February’s job creation figures released by the Bureau of Labor Statistics Friday underline the continuing pathetic state of the American job market.
New jobs for the month numbered a middling 175,000, but the three-month average including January and normally vigorous December activity was a pale 121,000. The unemployment rate was 6.7 percent, masking a 203,000-person increase in long-term joblessness among Americans, a number now standing at 3.8 million. Wild-eyed optimists, perhaps seeking to jack up the stock market, proposed that the February figure would have been higher if the weather had been better in part of the country.
It is clear that drastic action needs to be taken if the situation of high unemployment, lowering quality of jobs and low, stagnant pay is no longer to persist in an economy that has been in recession since 2008.

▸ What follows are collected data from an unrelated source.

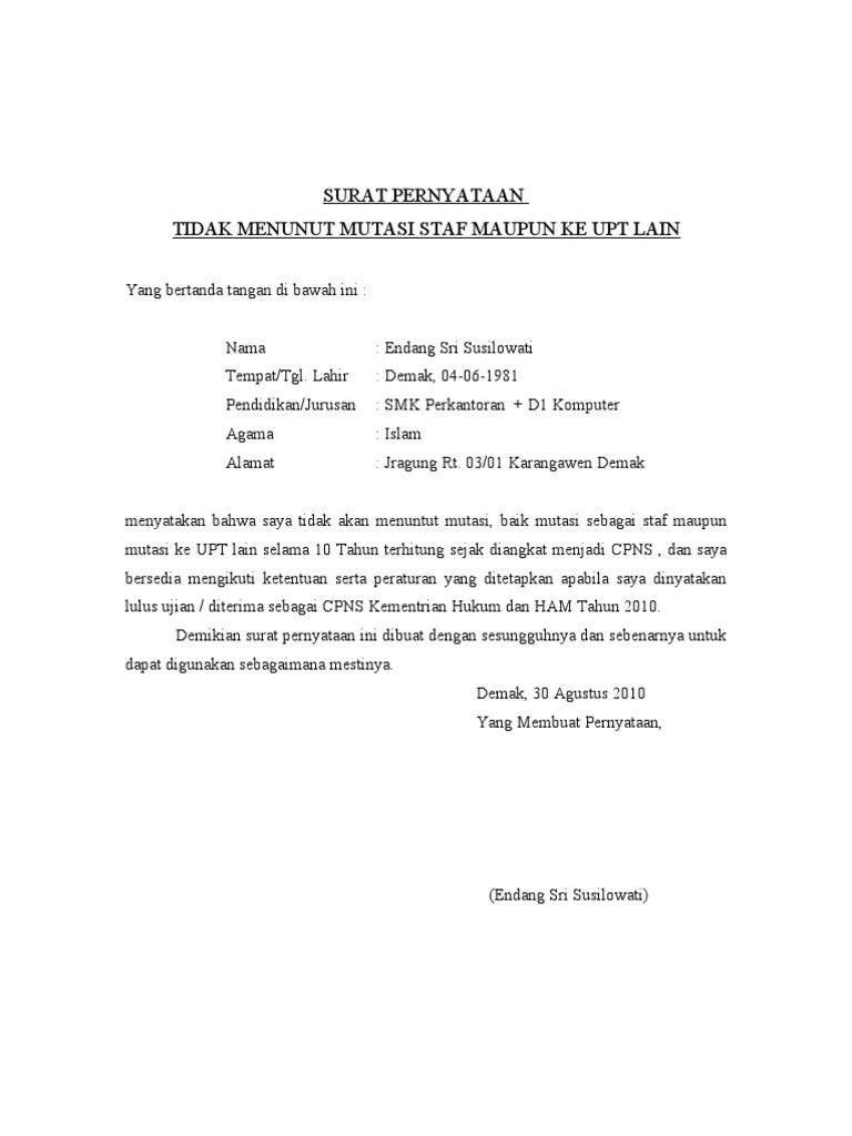 Menyatakan bahwa saya tidak terikat dengan instansi pemereintah atau badan usaha milik negara (bumn), dan saya bersedia mengikuti ketentuan serta peraturan yang ditetapkan apabila saya di nyatakan lulus ujian/diterima sebagai cpns kementrian hukum dan hak asasi manusia republik. Surat ini biasanya memerlukan materai 6.000 agar memiliki kekuatan hukum. Sedang tidak terikat kontrak atau kerja dengan perusahaan mana pun. Tanda tersebut selalu diletakkan pada bagian akhir surat dengan posisi di pojok kanan bawah lembar surat, letaknya berada persis di atas nama. Saya pada saat ini tidak berstatus sebagai pegawai, anggota tni/polri aktif, karyawan, guru, dosen tetap (pns/swasta); Contoh surat pernyataan adalah surat yang digunakan untuk menyatakan sesuatu kepada penerima. Yang bertandatangan di bawah ini, saya demikian surat pernyataan ini saya buat dan apabila dikemudian hari pernyataan saya ini tidak benar, saya bersedia mengembalikan ke kas negara atau mendapatkan hukuman lainnya sesuai dengan. Saya bersedia untuk diangkat sebagai dosen tetap dan aktif mengajar terhitung. Saya pada saat ini tidak berstatus sebagai pegawai, anggota tni/polri aktif, karyawan, guru, dosen tetap (pns/swasta); Tidak sedang menjadi calon pns, pns, anggota polri, atau tni republik indonesia. Contoh surat pernyataan tidak terikat dengan instansi lain cpns. Demikian surat pernyataan ini dibuat dengan sesungguhnya dan sebenarnya untuk dapat digunakan sebagaimana mestinya. Saat ini tidak sedang terikat kontrak atau ikatan dinas dengan perusahaan atau instansi manapun.
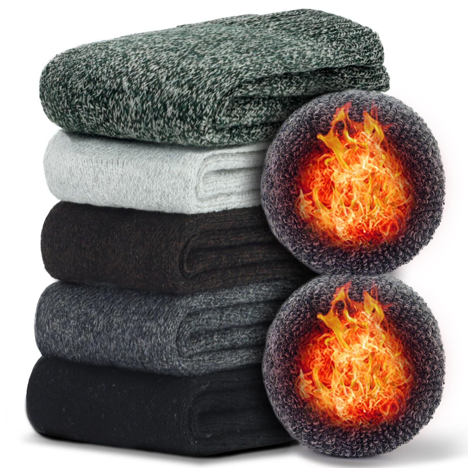 [HORADON] 靴下 メンズ 冬 防寒 厚手 ソックス 【極厚裏パイル・暖かさが爆発してる・ふわふわの雲のような感触】保温 防寒 吸汗 抗菌消臭 伸縮性 耐久性 25-28㎝ 男女兼用 5足セット
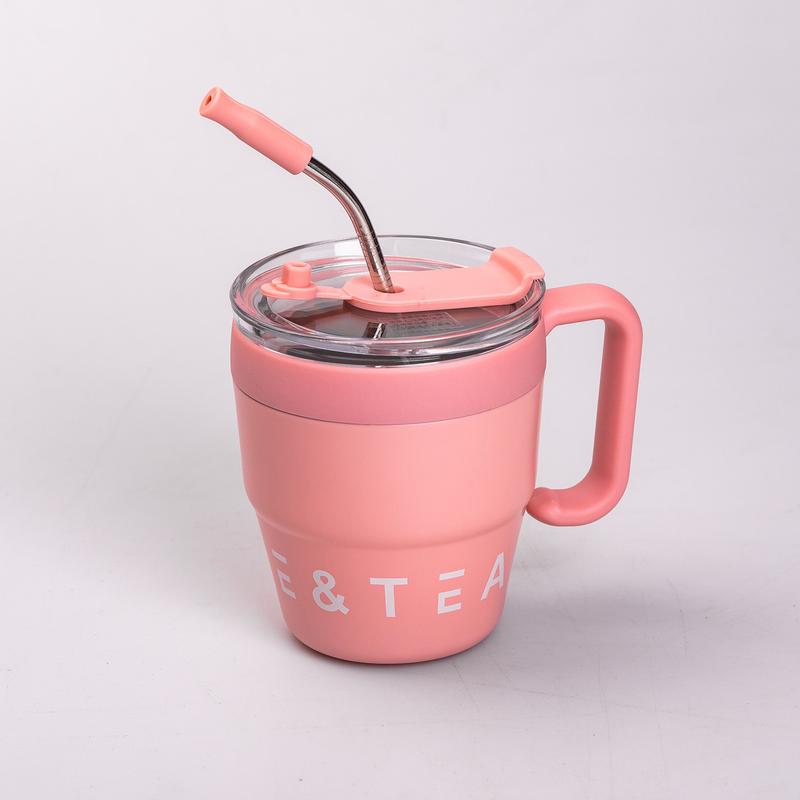 Термочашка з ручкою 480 мл – це практичний і зручний аксесуар, який дозволить вам насолоджуватися улюбленим напоєм, чи то гаряча кава, ароматний чай або відсвіжний сік, в будь-якому місці й в будь-який час. Внутрішня колба виготовлена з високоякісної нержавіючої сталі - цей матеріал є безпечним для здоров'я, не накопичує запахи та не впливає на смак напою. Рожева матова термочашка поєднує в собі відразу два формати для комфортного пиття: металеву трубочку; отвір із клапаном. Обидва отвори надійно закриваються захисними герметичними клапанами, які запобігають проливанню напою. Основні характеристики об'єм 480 мл; висота 10 см; діаметр 7.5 см. Основні переваги Термочашка із вакуумною ізоляцією здатний зберігати температуру напою протягом декількох годин. Ручка забезпечує зручний хват, навіть якщо ваша рука в рукавичці. Кришка термочашки щільно закривається, що захищає напій від проливання. Термочашка незамінна у дорозі, у спорт залі, на прогулянках і пікніках. Вона чудово утримує тепло чи холод, зберігаючи температуру напоїв. Ви зможете довго ласувати гарячим ароматним чаєм або ідеально крижаним лимонадом.
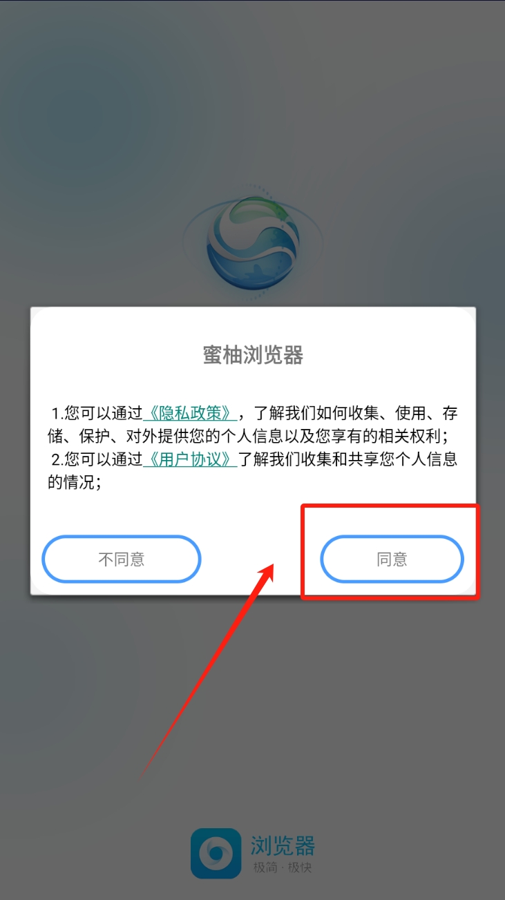 1、首先,同意隐私政策。在首次打开蜜柚浏览器时,阅读隐私政策说明,点击“同意”按钮以接受条款,继续使用浏览器。
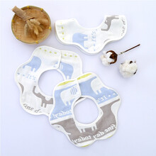 格鲁格(GRUG)婴儿围嘴儿童围兜纯棉围嘴新生儿纯棉6层纱布婴儿饭兜儿童圆系带围兜 U型围嘴2条(男宝组)
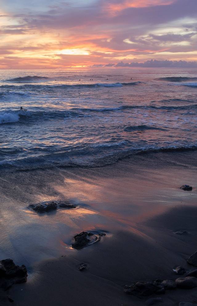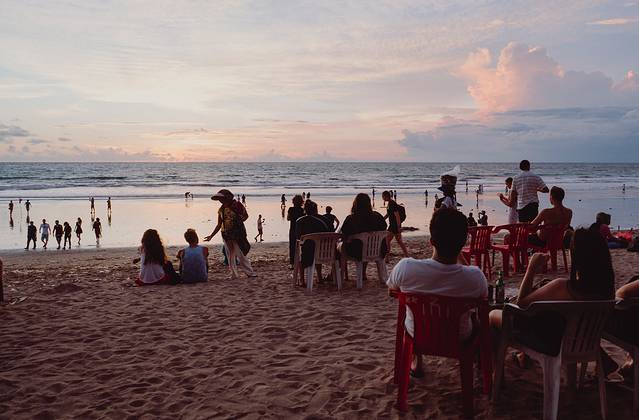 等到了日落时分,满天的色彩便又夺回了沙滩上人们的眼球,无论嬉戏的还是坐着喝酒聊天的。
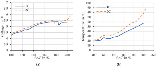 After establishing that the experiment is well repeatable until the pouch cell opens, the overcharge current was varied. An overcharge with a current of 1 C was compared to an overcharge with a current of 2 C. The voltage and temperature profiles are plotted over the state of charge (SoC) in Figure 3. Here, the SoC was calculated by the integral of the current over time.
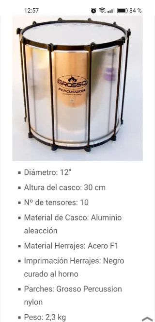 Surdo medio de batucada se vende por no usar tiene el parche un marcado no roto aluminio light 16pulgadas
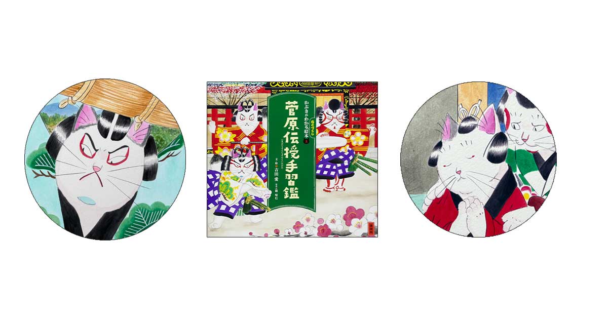 「筆法伝授〜菅原伝授手習鑑 」「かぶきがわかるねこづくし絵本3 菅原伝授手習鑑 (講談社)」より
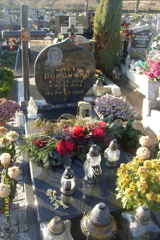 Grób: IV,VI,20 Borowska Danuta ur.:1953-03-17 zm.:2004-04-26 Borowski Jan ur.:1948-01-24 zm.:2025-01-12 |
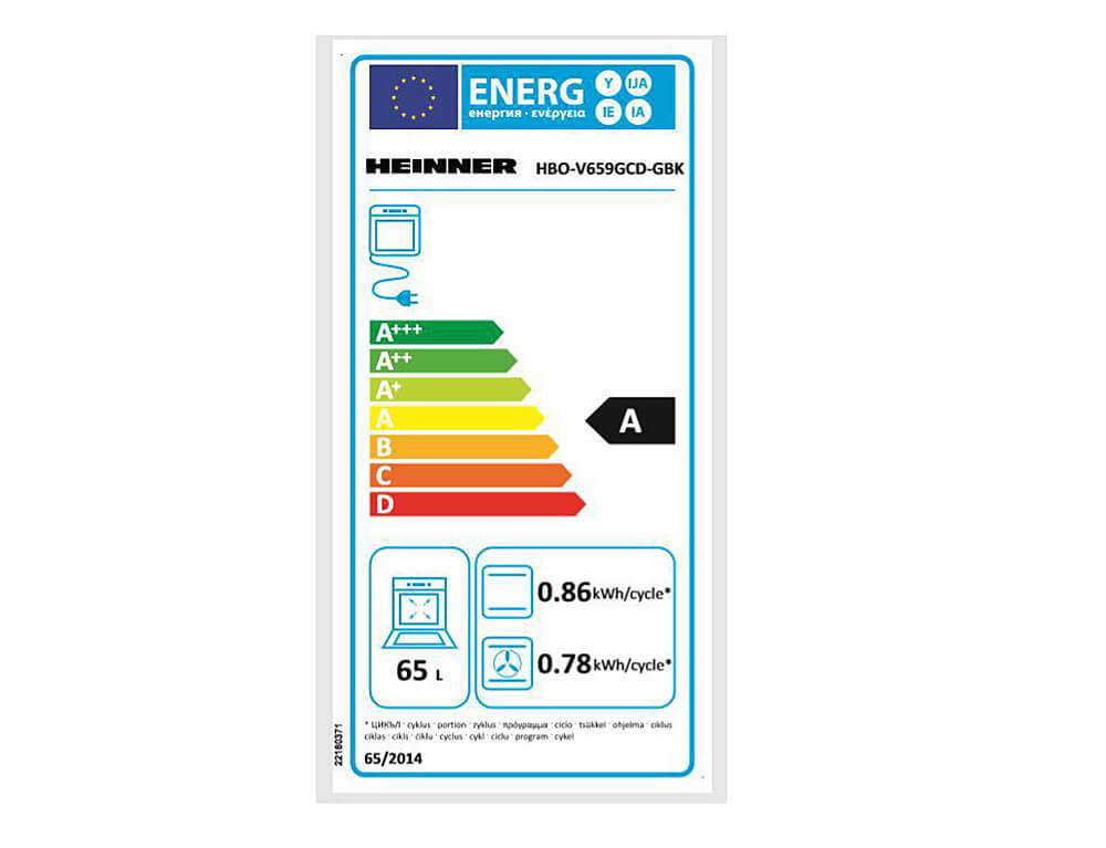 Εντοιχιζόμενος φούρνος Heinner HBO-V659GCD-GBK Χωρίς Εστίες, με χωρητικότητα 65L και ενεργειακή κλάση A
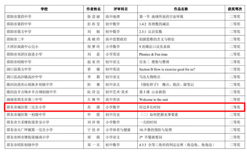 肖港老师的小学数学课《经过多长时间》荣获省级二等奖
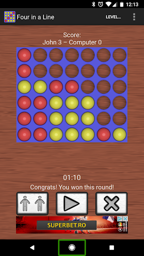 4 in a Line or Four in a Row is a two-player connection game in which the players first choose a color and then take turns dropping colored discs from the top into a seven-column, six-row vertically grid.
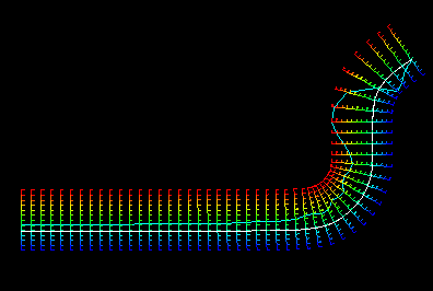 ![]() The normal lines, or tick mark axes, are drawn at nodes. At part boundaries, two tick mark axes are drawn. Within a part, if the angle between two adjacent line elements is less than the specified feature angle, a single tick mark axis is drawn in the direction of the average normal of elements sharing the node. Otherwise, a tick mark axis is drawn normal to each element sharing the node. When averaging normals, only displayed elements of the same type are considered in the calculation. |
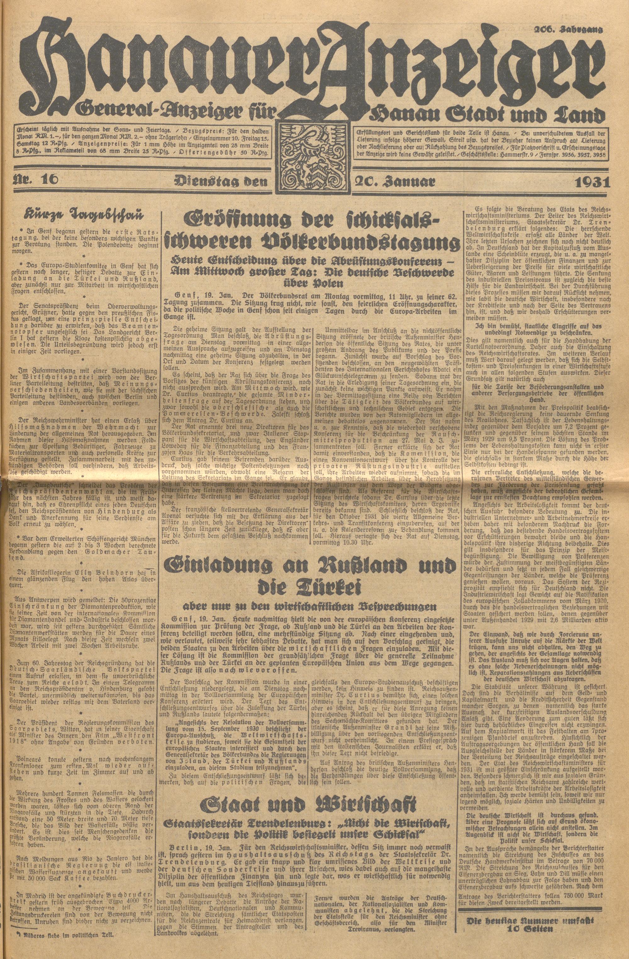 Hanauer Anzeiger. 1872-1941
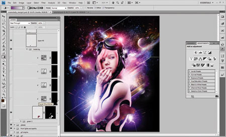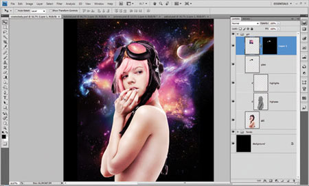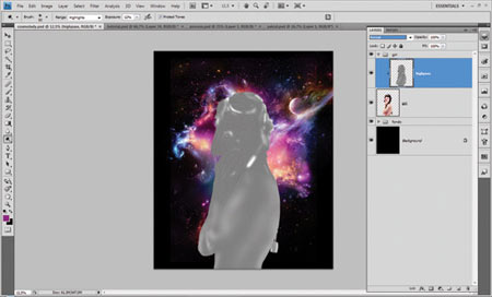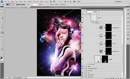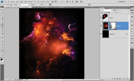 Примечание переводчика: 1. чёрной кистью прокрашивайте участки на слой-маске корректирующего слоя, которые вы хотите проявить или показать 2. Создайте группу и поместите все слои, связанные с космосом и туманностями в созданную группу.
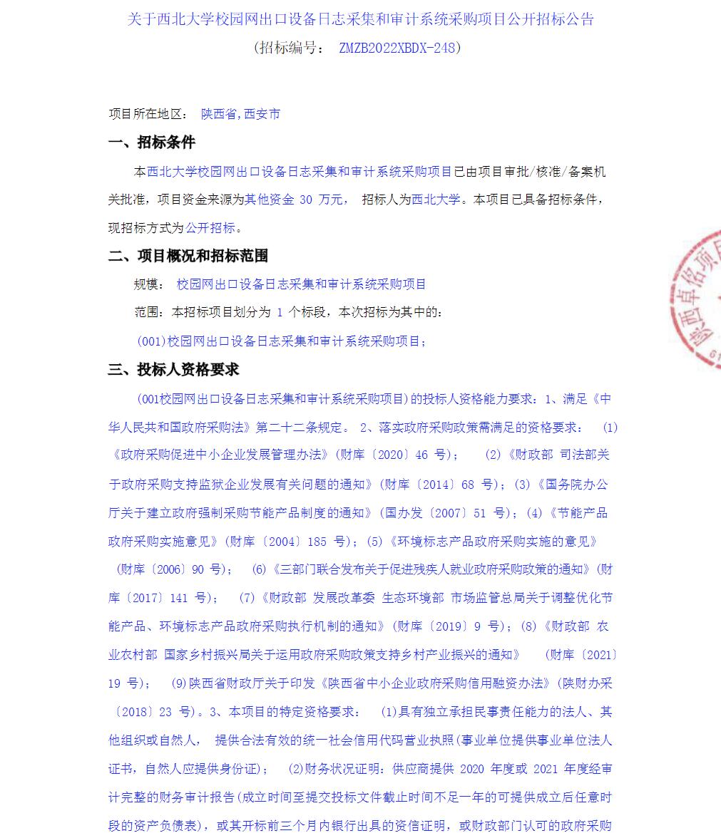 关于云博app官方在线入口校园网出口设备日志采集和审计系统采购项目公开招标公告
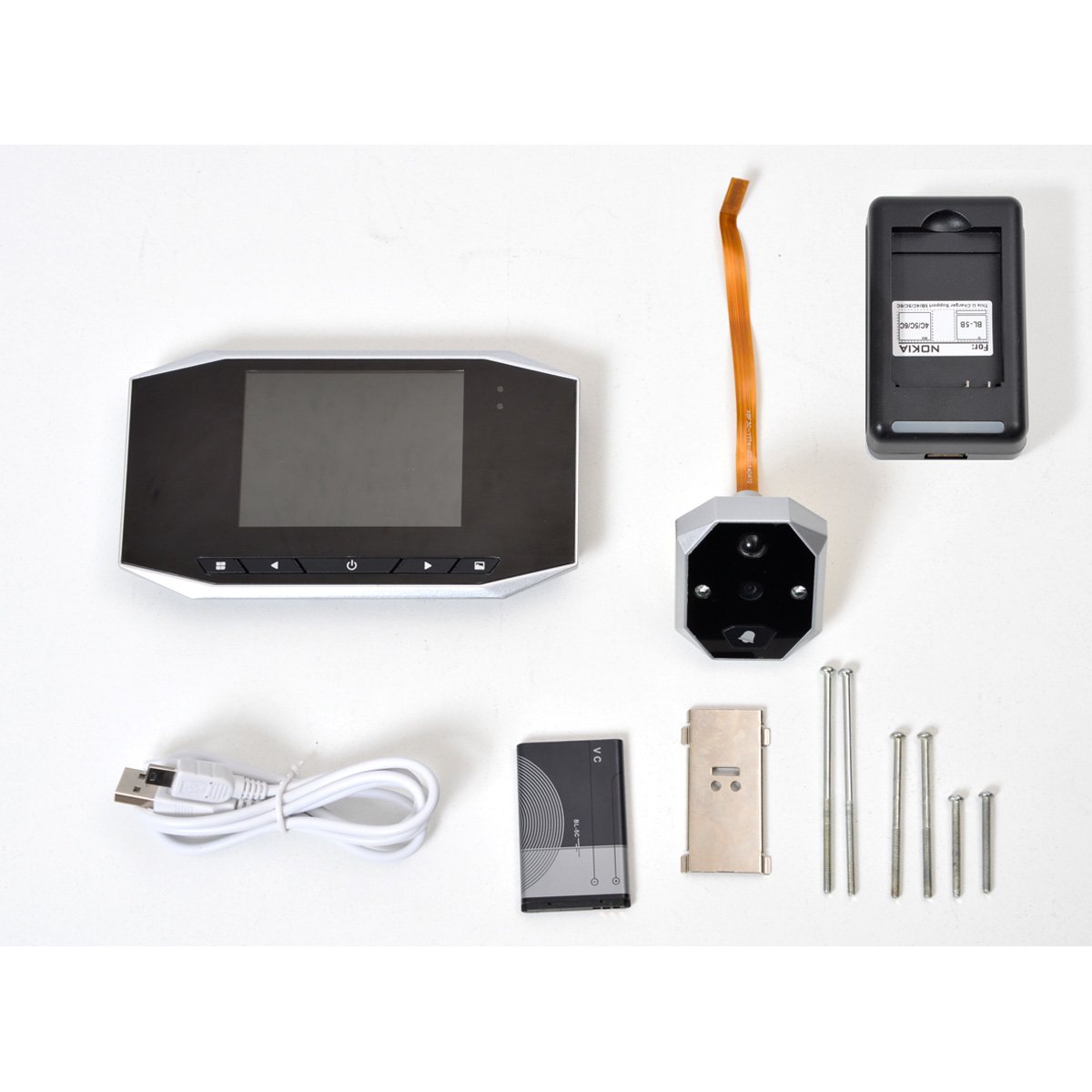 【Digital Zoom】 4 times 【Viewing Angle】 120 degrees 【Motion Detection】 Within 3 Meters 【Corresponding Size】 Door Hole Diameter: 12 ~ 46mm Door Thickness: 35 ~ 120mm 25 Door Phone Sounds 【Warranty Period】 1 year
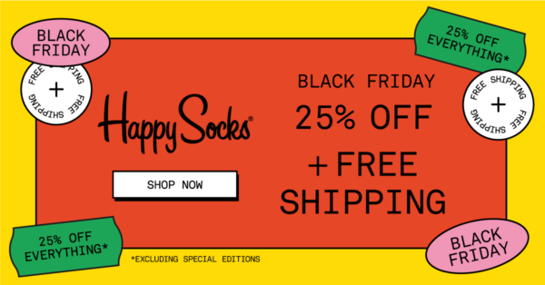 Bei HappySocks erhaltet ihr zum Black Friday Sale satte 25% Rabatt auf alles!
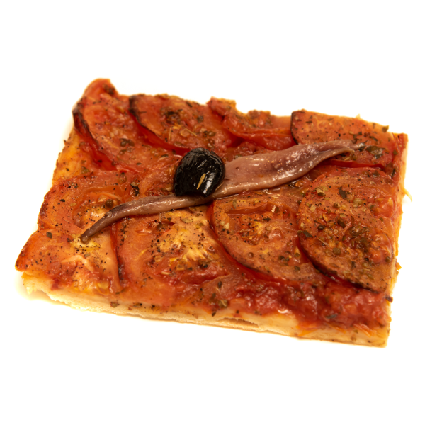 En portion individuelle, notre pizza est réalisée avec des tomates fraiches, des anchois et des olives noires parsemées d’origan et d’huile d’olive.

President Barack Obama’s cheerleading on the subject, or Democratic efforts to blame it on the Republicans, or vice versa, should be of no satisfaction to Americans. Whether the Federal Reserve Bank continues to hand lollipops or tapers them, in the form of quantitative easing to America’s banks to fatten their uninvested reserves or to increase the bonuses they pay the rich people who run them is also of no major interest to Americans who want to work, or who want to be paid a living wage for the work they do.
These latest job figures support a contention that serious action needs to be taken by federal and state leaders and legislatures to tackle the problem. The fact that many of them will be busy this year pursuing money from the non-job-creators to finance their reelections serves as a clear message to taxpayers to turn them out of office in the primaries and in November, based on their far-inadequate performance in the face of an employment crisis.